◆ **Records from a dataset**:
# # # #
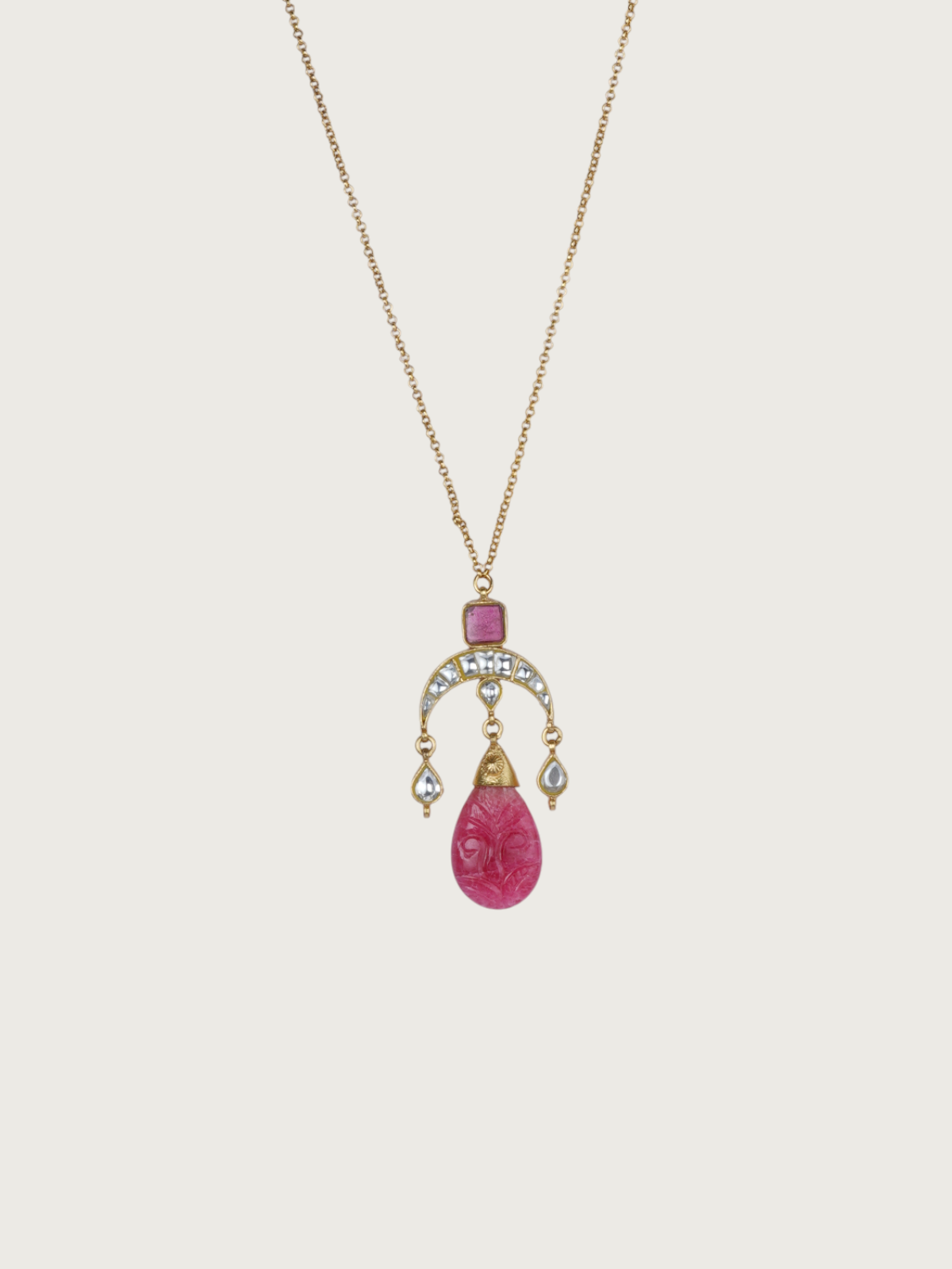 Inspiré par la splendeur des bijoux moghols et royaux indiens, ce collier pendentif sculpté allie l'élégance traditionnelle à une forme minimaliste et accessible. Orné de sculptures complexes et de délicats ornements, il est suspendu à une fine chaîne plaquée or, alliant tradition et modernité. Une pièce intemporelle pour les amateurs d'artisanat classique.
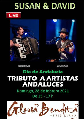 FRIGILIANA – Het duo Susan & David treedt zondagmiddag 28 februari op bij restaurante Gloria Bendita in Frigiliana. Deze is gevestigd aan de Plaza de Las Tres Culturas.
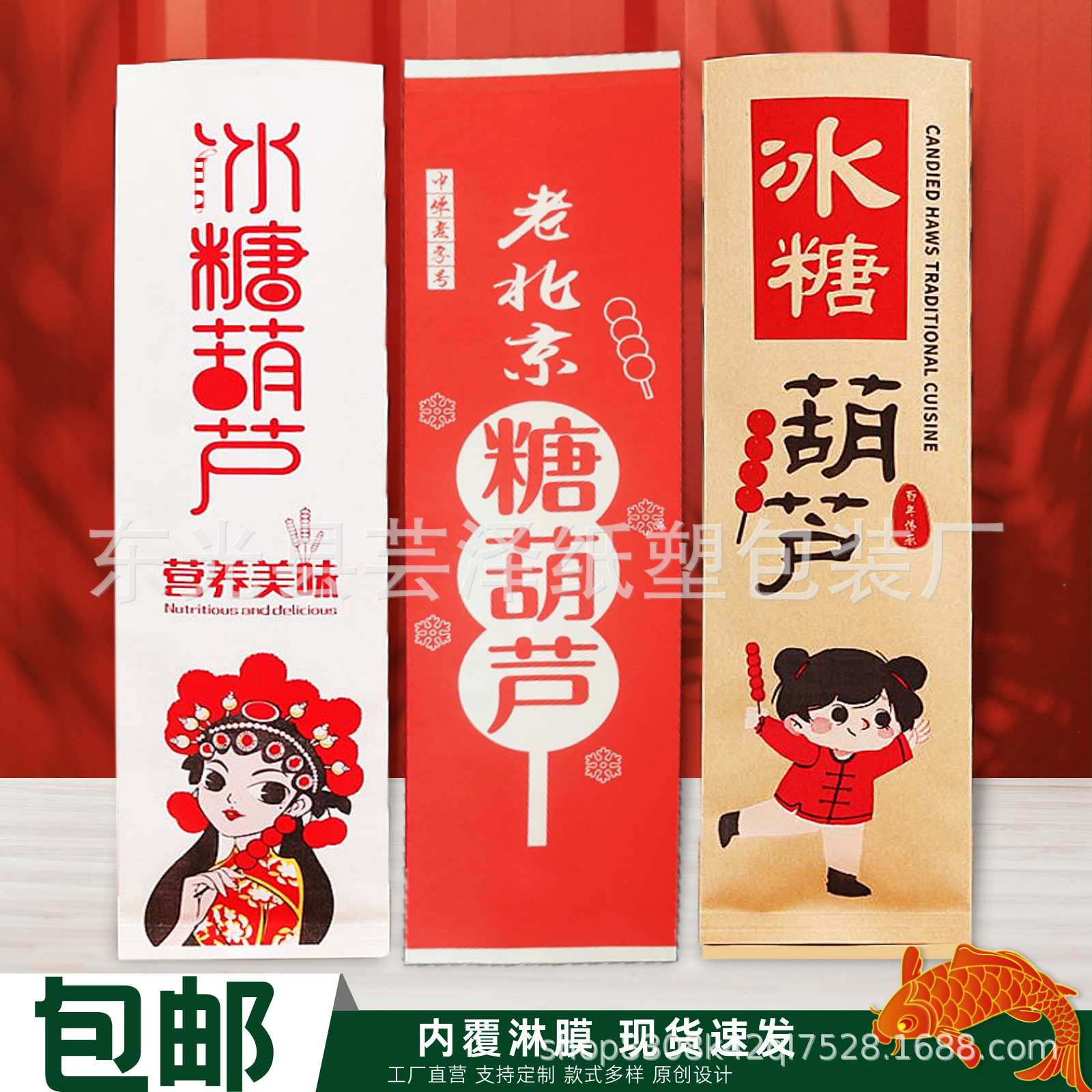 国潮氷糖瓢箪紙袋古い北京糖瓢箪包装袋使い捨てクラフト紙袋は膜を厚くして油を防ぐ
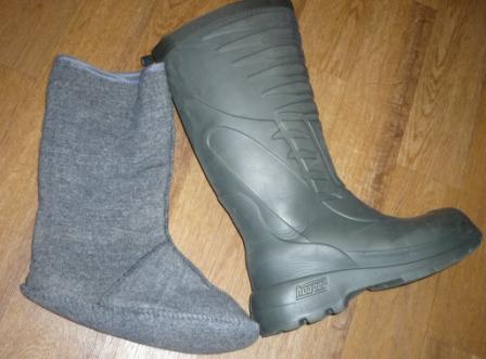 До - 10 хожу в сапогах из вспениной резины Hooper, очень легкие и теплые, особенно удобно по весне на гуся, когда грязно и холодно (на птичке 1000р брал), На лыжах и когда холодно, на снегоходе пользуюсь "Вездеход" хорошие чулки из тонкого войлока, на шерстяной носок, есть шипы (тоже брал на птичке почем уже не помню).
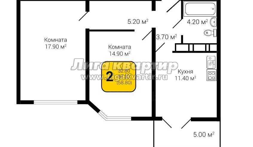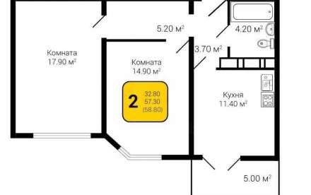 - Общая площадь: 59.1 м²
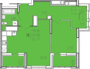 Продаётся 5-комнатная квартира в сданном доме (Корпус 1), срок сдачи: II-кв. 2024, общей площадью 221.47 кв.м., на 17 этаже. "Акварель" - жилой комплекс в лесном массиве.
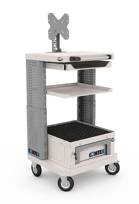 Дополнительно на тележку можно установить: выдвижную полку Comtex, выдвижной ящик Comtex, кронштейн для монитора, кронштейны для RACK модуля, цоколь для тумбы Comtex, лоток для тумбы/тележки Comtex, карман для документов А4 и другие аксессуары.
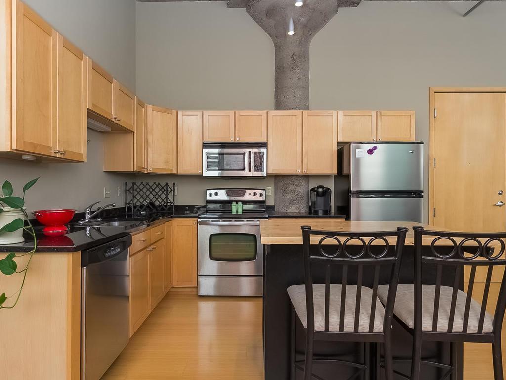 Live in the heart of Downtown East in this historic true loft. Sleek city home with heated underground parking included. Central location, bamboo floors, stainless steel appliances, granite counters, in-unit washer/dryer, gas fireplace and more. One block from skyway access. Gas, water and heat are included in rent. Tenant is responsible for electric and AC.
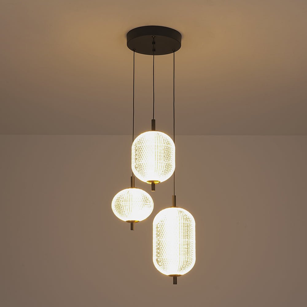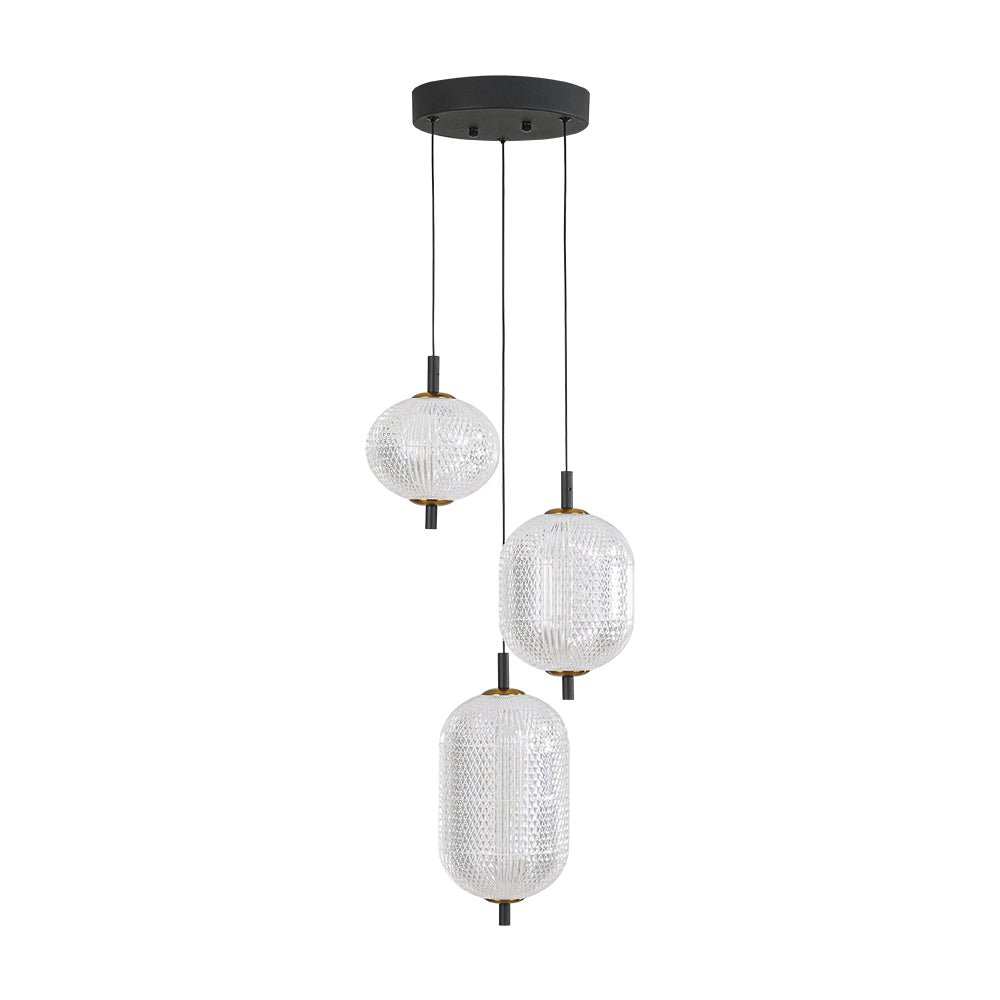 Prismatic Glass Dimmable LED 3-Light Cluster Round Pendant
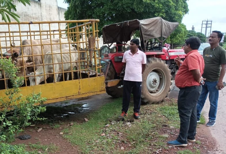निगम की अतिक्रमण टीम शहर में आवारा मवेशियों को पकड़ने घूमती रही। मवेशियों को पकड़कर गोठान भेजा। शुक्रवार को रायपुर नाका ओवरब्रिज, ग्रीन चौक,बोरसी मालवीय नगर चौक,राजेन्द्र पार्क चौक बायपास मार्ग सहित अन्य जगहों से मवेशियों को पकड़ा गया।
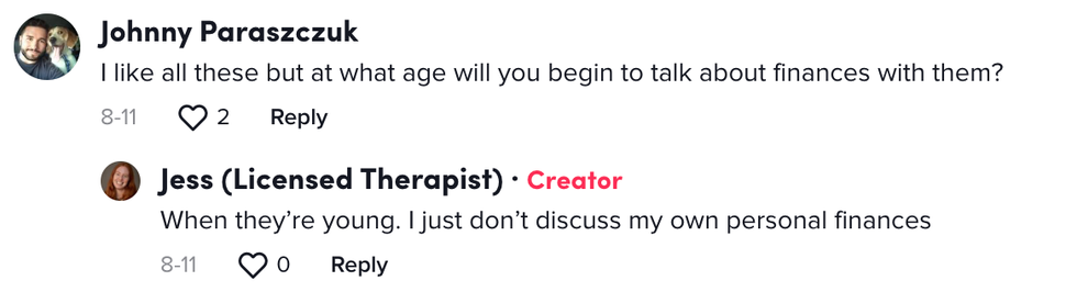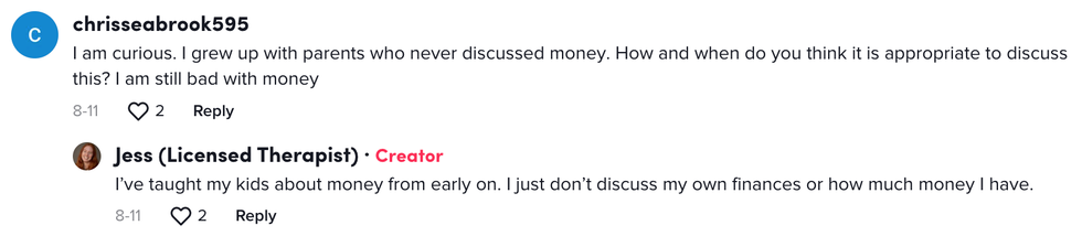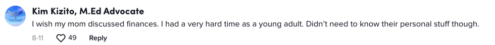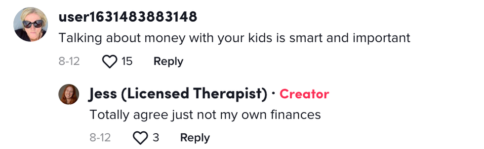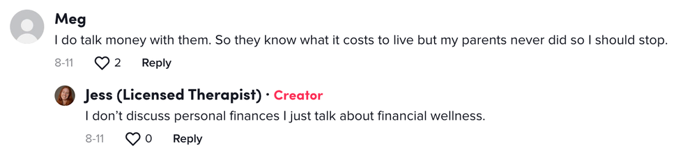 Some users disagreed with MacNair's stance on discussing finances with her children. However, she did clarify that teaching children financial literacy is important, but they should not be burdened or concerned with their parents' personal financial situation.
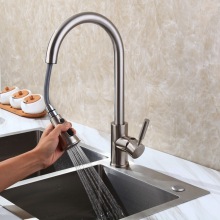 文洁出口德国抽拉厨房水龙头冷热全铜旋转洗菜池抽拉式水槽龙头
# # # #
◆ **What is being asked**: Output the data above in full. Skip every picture.

◆ **Response**:
 Inspiré par la splendeur des bijoux moghols et royaux indiens, ce collier pendentif sculpté allie l'élégance traditionnelle à une forme minimaliste et accessible. Orné de sculptures complexes et de délicats ornements, il est suspendu à une fine chaîne plaquée or, alliant tradition et modernité. Une pièce intemporelle pour les amateurs d'artisanat classique.
 FRIGILIANA – Het duo Susan & David treedt zondagmiddag 28 februari op bij restaurante Gloria Bendita in Frigiliana. Deze is gevestigd aan de Plaza de Las Tres Culturas.
 国潮氷糖瓢箪紙袋古い北京糖瓢箪包装袋使い捨てクラフト紙袋は膜を厚くして油を防ぐ
 До - 10 хожу в сапогах из вспениной резины Hooper, очень легкие и теплые, особенно удобно по весне на гуся, когда грязно и холодно (на птичке 1000р брал), На лыжах и когда холодно, на снегоходе пользуюсь "Вездеход" хорошие чулки из тонкого войлока, на шерстяной носок, есть шипы (тоже брал на птичке почем уже не помню).
 - Общая площадь: 59.1 м²
 Продаётся 5-комнатная квартира в сданном доме (Корпус 1), срок сдачи: II-кв. 2024, общей площадью 221.47 кв.м., на 17 этаже. "Акварель" - жилой комплекс в лесном массиве.
 Дополнительно на тележку можно установить: выдвижную полку Comtex, выдвижной ящик Comtex, кронштейн для монитора, кронштейны для RACK модуля, цоколь для тумбы Comtex, лоток для тумбы/тележки Comtex, карман для документов А4 и другие аксессуары.
 Live in the heart of Downtown East in this historic true loft. Sleek city home with heated underground parking included. Central location, bamboo floors, stainless steel appliances, granite counters, in-unit washer/dryer, gas fireplace and more. One block from skyway access. Gas, water and heat are included in rent. Tenant is responsible for electric and AC.
 Prismatic Glass Dimmable LED 3-Light Cluster Round Pendant
निगम की अतिक्रमण टीम शहर में आवारा मवेशियों को पकड़ने घूमती रही। मवेशियों को पकड़कर गोठान भेजा। शुक्रवार को रायपुर नाका ओवरब्रिज, ग्रीन चौक,बोरसी मालवीय नगर चौक,राजेन्द्र पार्क चौक बायपास मार्ग सहित अन्य जगहों से मवेशियों को पकड़ा गया।
 Some users disagreed with MacNair's stance on discussing finances with her children. However, she did clarify that teaching children financial literacy is important, but they should not be burdened or concerned with their parents' personal financial situation.
 文洁出口德国抽拉厨房水龙头冷热全铜旋转洗菜池抽拉式水槽龙头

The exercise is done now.